- Task instructions -
Leave out the pictures and print precisely the lines from the line with "Урожайность на 45-й" to the final line of the entries, both ends included.

───── Given entries

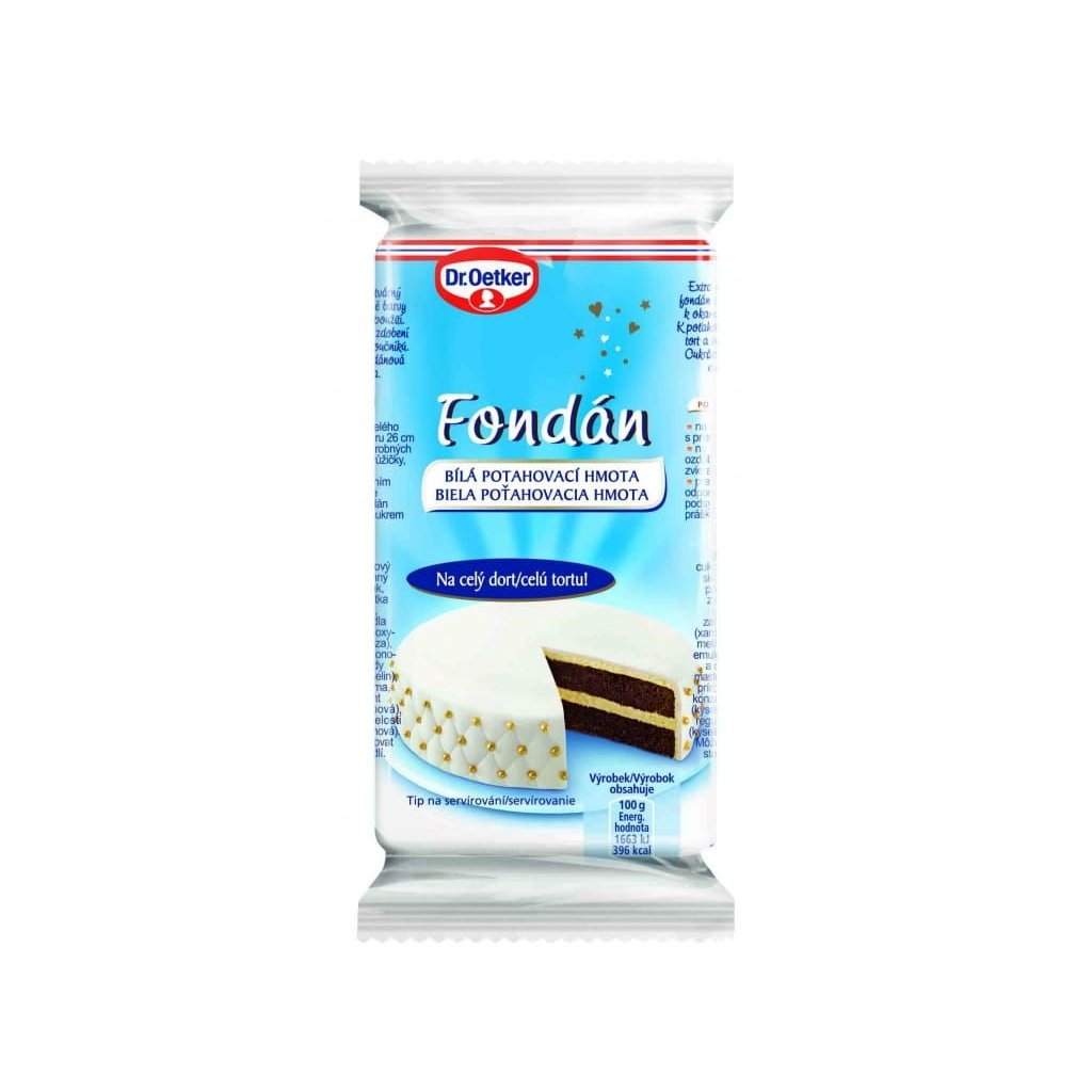 Extra hladký, tvárný fondán čistě bílé barvy k okamžitému použití. K potahování a zdobení dortů a jiných moučníků. Vystačí na potažení celého dortu o průměru 15cm, PRO VĚTŠÍ DORTY DOPORUČUJEME 2-3 balení. Neobsahuje palmový olej.
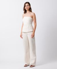 blusa feminina de sarja sem alça com nervuras e fenda mindset off white
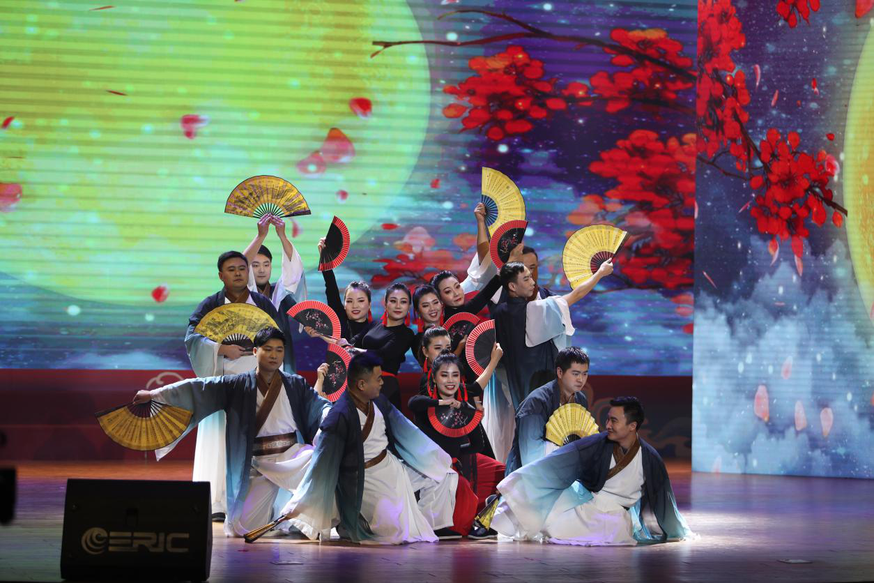 隨著音樂(lè)響起,“楚國(guó)男子”白衣飄飄,手持紙扇,“江南女子”搖曳身姿,執(zhí)扇起舞。公司參加表演的職工在舞臺(tái)上大放異彩,為現(xiàn)場(chǎng)和觀看直播的觀眾奉上一場(chǎng)美輪美奐的文化盛宴,既再現(xiàn)了楚國(guó)藝術(shù)的奇異想象和浪漫色彩,也展現(xiàn)了江南點(diǎn)軍的神秘風(fēng)情和深遠(yuǎn)文化。
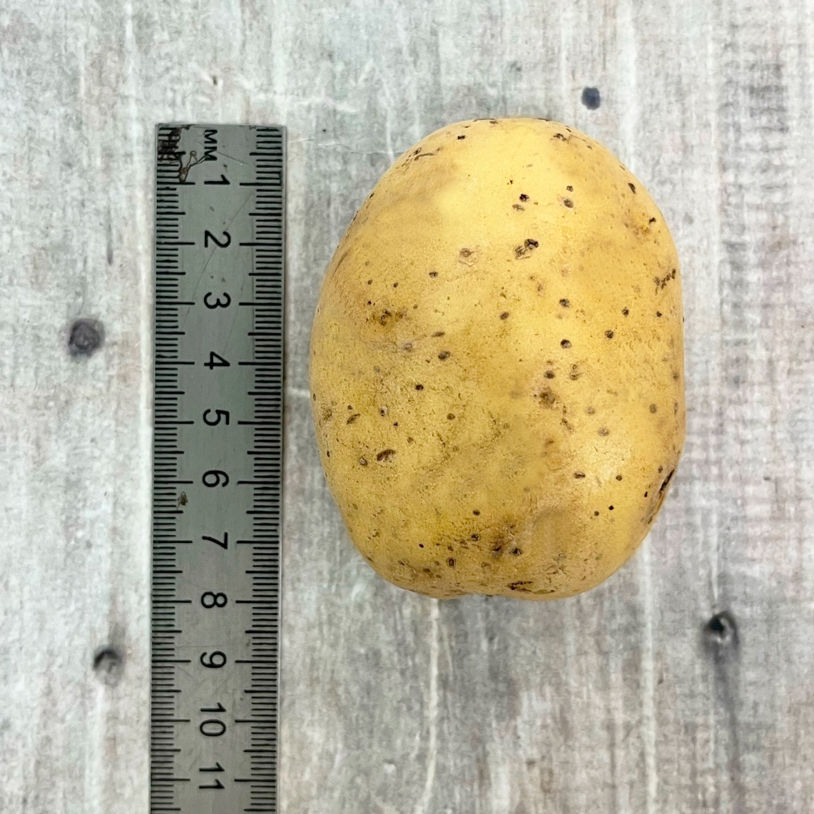Урожайность на 45-й день после полных всходов. Клубень овальный с мелкими до средней глубины глазками. Кожура и мякоть жёлтая. Масса товарного клубня 106-139 г. Содержание крахмала - 15,6%. Вкус хороший и отличный. Товарность - 81-90%. Лёжкость - 95%.
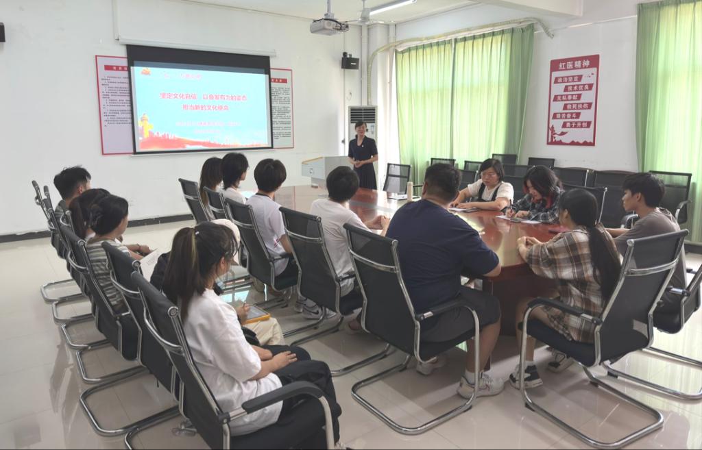 7月4日,公共卫生与健康管理学院党委书记范启兰以《坚定文化自信、以奋发有为的姿态担当新的文化使命》为题,给该院学生第一党支部党员、入党积极分子讲授了一堂生动而深刻的“七一”专题党课。

──────────

- Result -
Урожайность на 45-й день после полных всходов. Клубень овальный с мелкими до средней глубины глазками. Кожура и мякоть жёлтая. Масса товарного клубня 106-139 г. Содержание крахмала - 15,6%. Вкус хороший и отличный. Товарность - 81-90%. Лёжкость - 95%.
 7月4日,公共卫生与健康管理学院党委书记范启兰以《坚定文化自信、以奋发有为的姿态担当新的文化使命》为题,给该院学生第一党支部党员、入党积极分子讲授了一堂生动而深刻的“七一”专题党课。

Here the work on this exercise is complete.